Industry Insights
Your Events Matter. Here’s How To Make Them Perform.
It’s becoming increasingly common for businesses to hold in-person events like one-day sales, tastings, classes, or customer appreciation days. But many brands struggle to create a cohesive and effective event management and promotion strategy. Coordinating between onsite and corporate teams can often be difficult. For instance, a local store may host an event that corporate […]
It's becoming increasingly common for businesses to hold in-person events like one-day sales, tastings, classes, or customer appreciation days. But many brands struggle to create a cohesive and effective event management and promotion strategy.
Coordinating between onsite and corporate teams can often be difficult. For instance, a local store may host an event that corporate doesn't even know about. While local teams are often encouraged to be proactive in this regard (corporate-driven events in local spaces may be out of touch with the local culture, or burdensome to the onsite team), if corporate isn't aware of the event, they won't be able to to give credit to the local team that hosted it — or measure the event's success. It can be easy for brands at the corporate level to let local events slip by without analyzing their impact.

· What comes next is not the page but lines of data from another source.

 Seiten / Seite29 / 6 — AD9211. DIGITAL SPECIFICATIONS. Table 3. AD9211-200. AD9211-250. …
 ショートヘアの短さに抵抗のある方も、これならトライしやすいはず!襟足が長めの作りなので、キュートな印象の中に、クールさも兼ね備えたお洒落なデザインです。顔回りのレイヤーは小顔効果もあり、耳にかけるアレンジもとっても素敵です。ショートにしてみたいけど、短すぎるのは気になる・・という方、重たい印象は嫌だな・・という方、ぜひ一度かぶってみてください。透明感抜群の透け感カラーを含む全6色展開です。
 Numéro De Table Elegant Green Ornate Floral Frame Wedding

Without an easy way to coordinate corporate and onsite teams, you're missing out on key opportunities to connect with local customers and drive in-store foot traffic. Here are a few things to think about when coordinating a winning event management and promotion strategy.

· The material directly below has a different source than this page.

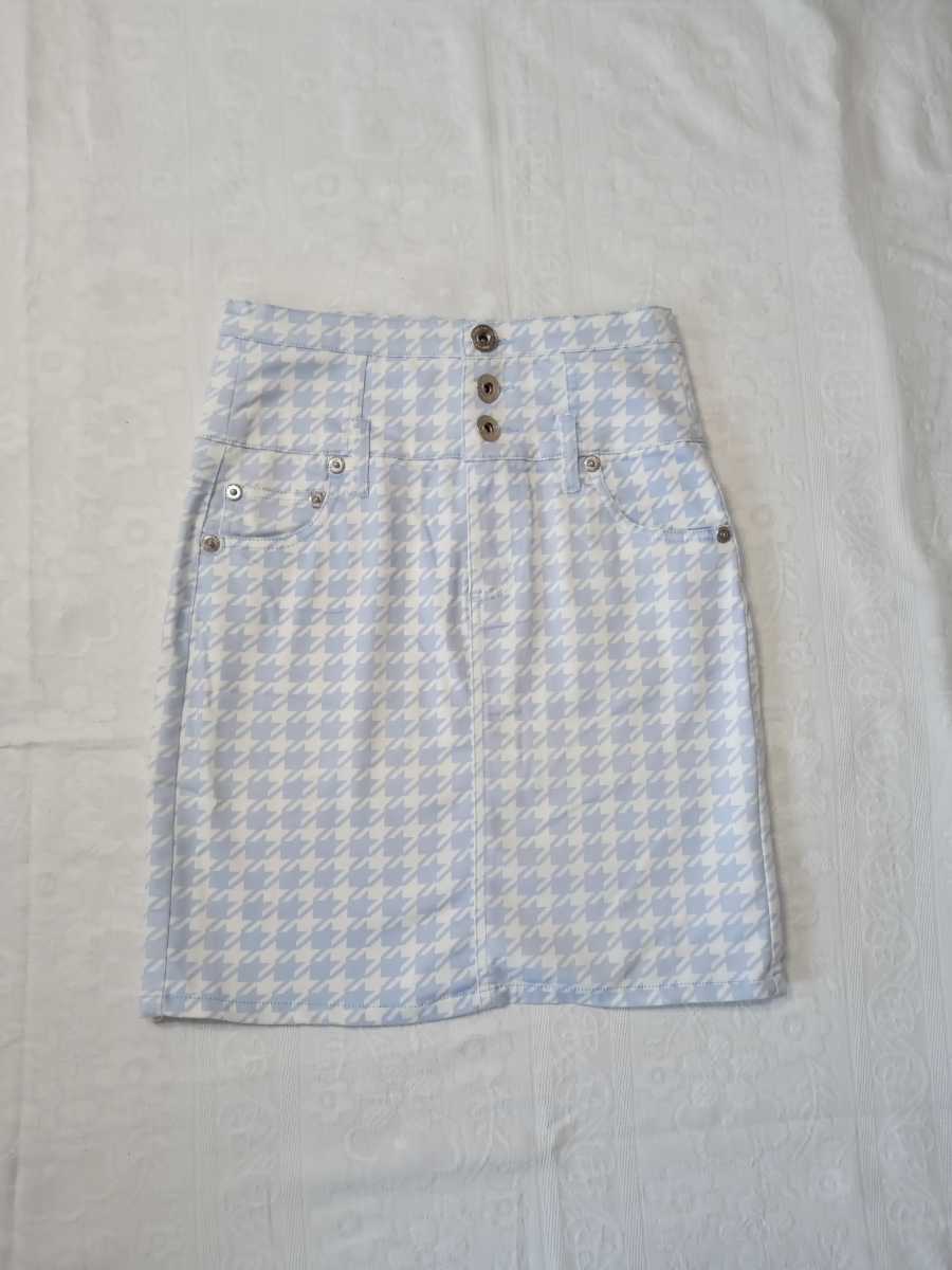 - 千鳥格子 ハイウエスト デニムスカート W67

Deepen your relationship with your customer base.
Events are one of the best ways to acquire new customers, and grow the value of your existing customer base.

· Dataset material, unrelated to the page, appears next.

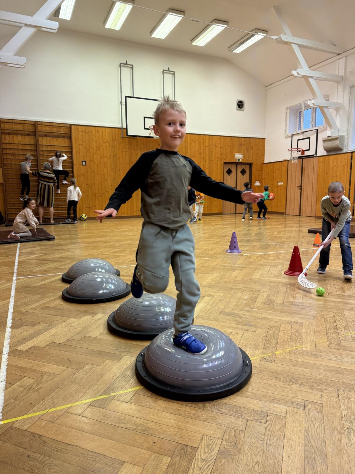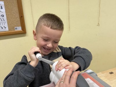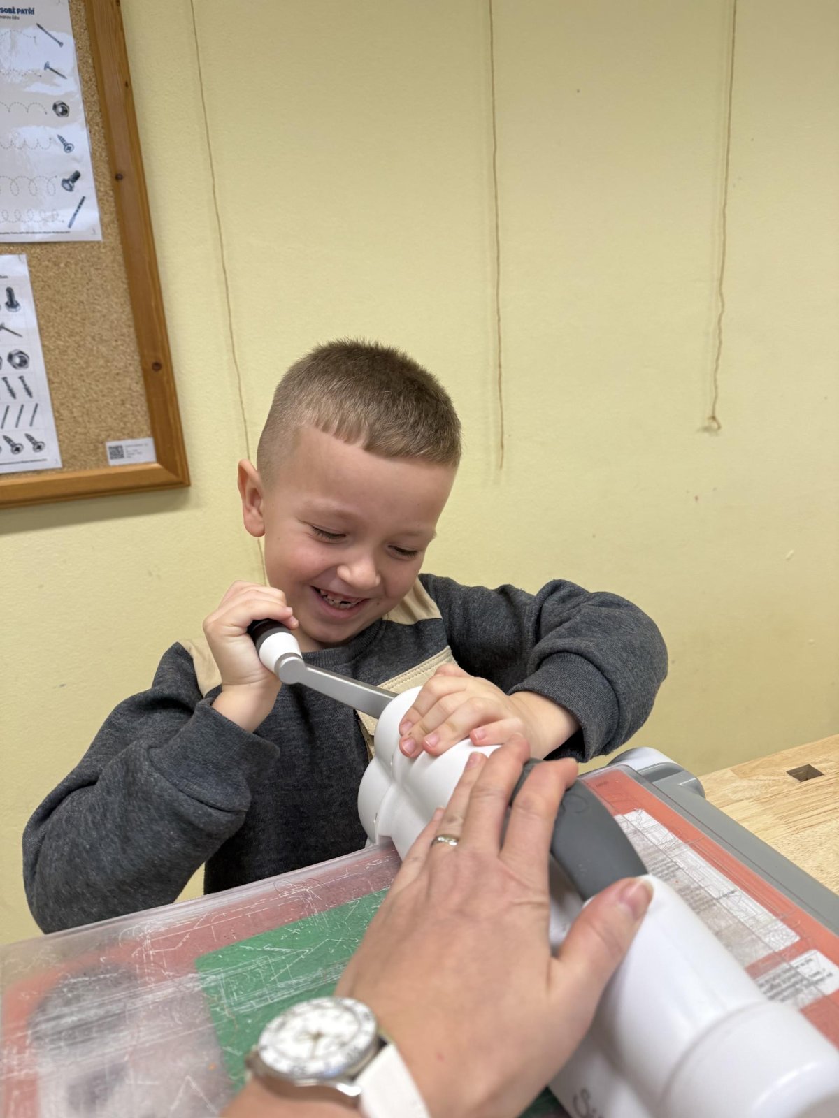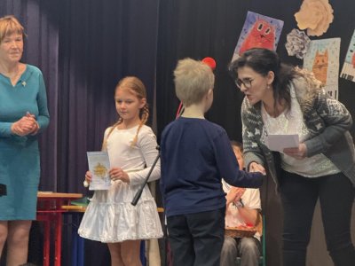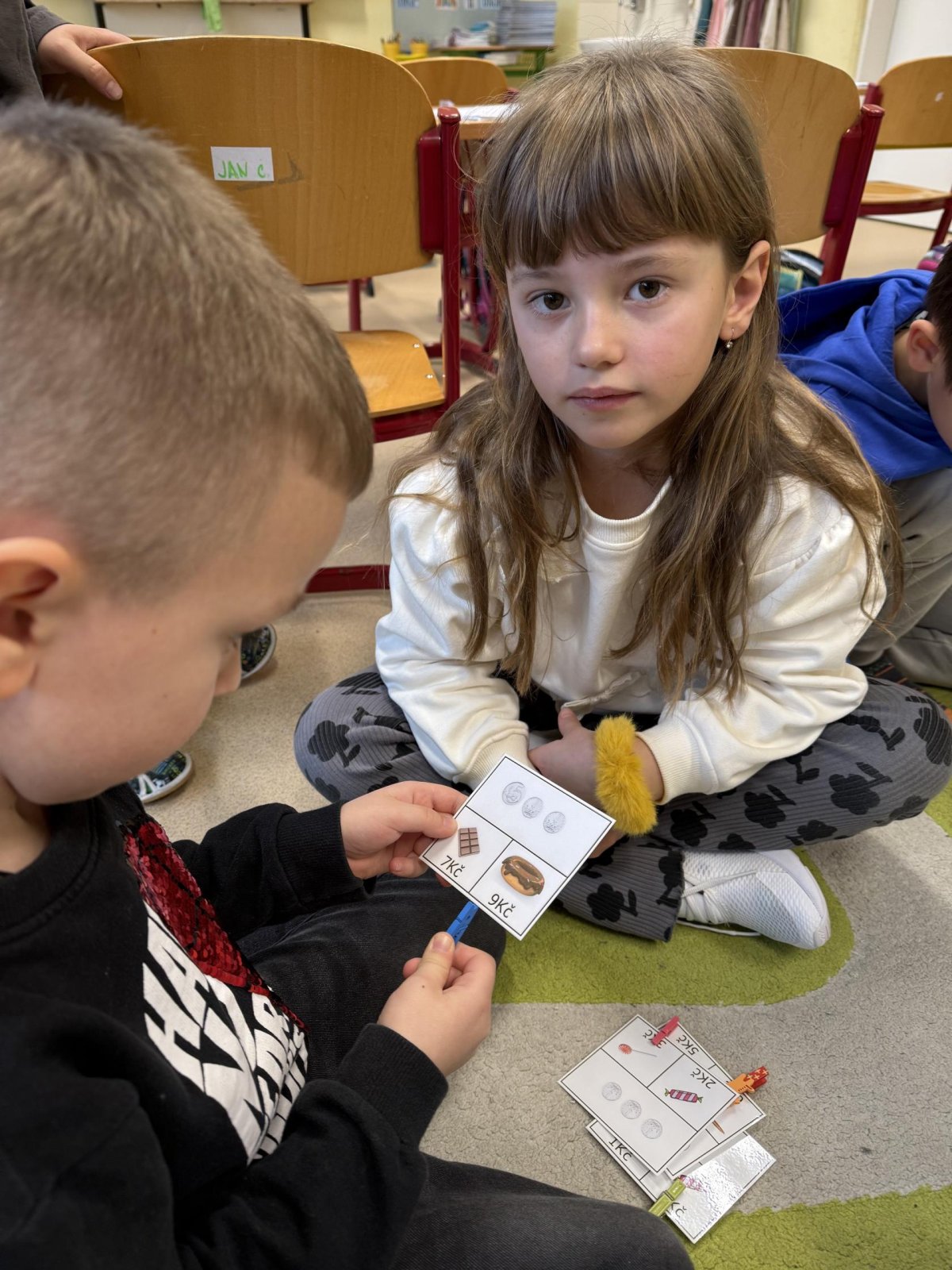 Střípky ze sportovního dne, účastníci Slavíčka a recitační soutěže, stavebnice Seva, práce v dílnách s vyřezávacím strojem BigShot, matematické hrátky, divadlo, nové písmeno J...

Millennials, in particular, are increasingly opting to spend on experiences rather than on consumer goods (75% prefer a concert or sporting event over the latest fashions). Reporting on millennial shopping behavior, EventPro strategies claims, "they've discovered that an experience makes them happier, and for a longer period." Because this customer segment is looking for experiences, you can connect those experiences to your brand by hosting events and promoting them across popular millennial channels frequently.
Think more broadly about what an event is.
When you think of an event it's easy to imagine a large venue with tickets and performers, or conferences that take lots of time and resources to plan and coordinate. However, there are many things your brand is already doing that customers (and search engines) consider events.
So give your customers an excuse to come in! Consider classes, tastings, workshops, fundraisers, product launches, charity drives, wellness clinics, street fairs, and more. Any special engagement, outside the course of normal business, is something you could — and should — promote on your website and across social media and event discovery sites.
Put the community back in community events**.**
Events can cement your reputation as a brand that brings together people in your local community. Once you start hosting events, you will establish your brand as one consumers can turn to when considering things to do during their free time.
In a survey of 3,000 urban event-goers in the U.S., 64% said they look to neighborhood guides when searching for things to do. So it's crucial that you market your events locally.
Even if your event is happening across all of your locations, take the time to create unique event pages and listings for every location. Events that are happening at every location across your brand should be treated as individual events so they can be promoted to local audiences with any nuances that may be required.
Ben & Jerry's has always understood the value of fostering community, and now puts a strong emphasis on promoting its in-store events online. To drive awareness for Free Cone Day (and to make it easy for customers to find participating stores), the popular ice cream brand created 200 events and published 800 events listings across discovery sites like Facebook and Eventbrite. Ben & Jerry's then received 6 million event impressions and 128,000 "Interested" or "Going" engagements on Facebook — contributing to 1.3 million scoops served on the big day.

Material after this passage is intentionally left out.